Stevenson told the story of when he was assigned to visit a man on death row in a maximum-security facility while still a student at Harvard Law School and with little practical knowledge. His job was to deliver the news that the man had been granted a one-year reprieve from execution. In fact, Stevenson was the first person the man had seen for over a year, aside from death row guards and death row prisoners.
The prisoner drew Stevenson into a hug and thanked him over and over and over because it meant the condemned man could now see his family. In response, the guards brutally shoved and prodded the prisoner to leave the room and wound heavy chains around his arms, legs, and chest. Still, the prisoner left singing a hymn, “I'm pressing on the upward way. New heights I'm gaining every day, still praying as I onward bound. Lord, plant my feet on higher ground.”
“Even in my ignorance, there was a benefit from being proximate,” Stevenson said. He decided at that moment to dedicate his life to helping get people off death row. In addition to getting proximate, Stevenson appealed to psychiatrists to work to change the narratives of racism, discrimination, and stigma and to foster their sense of hope.
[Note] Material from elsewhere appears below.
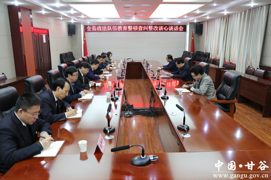 4月26日,市人大常委会副主任、甘谷县委书记、县政法队伍教育整顿领导小组组长申君明主持召开甘谷县政法队伍教育整顿查纠整改谈心谈话会议。县委常委、政法委书记、县政法队伍教育整顿领导小组常务副组长马福胜,副县长、县公安局局长、县政法队伍教育整顿领导小组副组长张涛,县法院院长、县政法队伍教育整顿领导小组副组长王建军,县检察院检察长、县政法队伍教育整顿领导小组副组长姜云,县司法局主要负责人和政法各单位常务副职参加谈心谈话。

Over his career, Stevenson has won several cases at the Supreme Court, including a ruling in 2019 to bar the execution of prisoners with psychosis or dementia and a landmark ruling in 2012 to ban mandatory life imprisonment without parole for children aged 17 or younger. He and his staff have also secured the relief, release, or sentence reversal of 140 wrongly condemned individuals who were on death row. They have also helped release from prison 80 children who were prosecuted as adults.
“Our team’s goal is to work hard, be smart, be tactical. But if I have helped anybody, it’s because I got proximate to a dead man and heard his song. There are songs being sung by people in need: We all need to hear the melodies that are ringing out from people.”
Society’s failure to mount meaningful interventions to deal with the substance use crisis has resulted in a massive shift in the number of people incarcerated: from 300,000 people in the 1970s to more than 2.3 million by the end of the century, Stevenson pointed out.
“We need to change the false narratives about mental illness and substance use that allows some politicians to refer to people with them as criminals who need to be locked up. … Addiction and mental illness are health crises, and we need a health response, not a criminal justice response, to see how much better as a society we can be,” he said.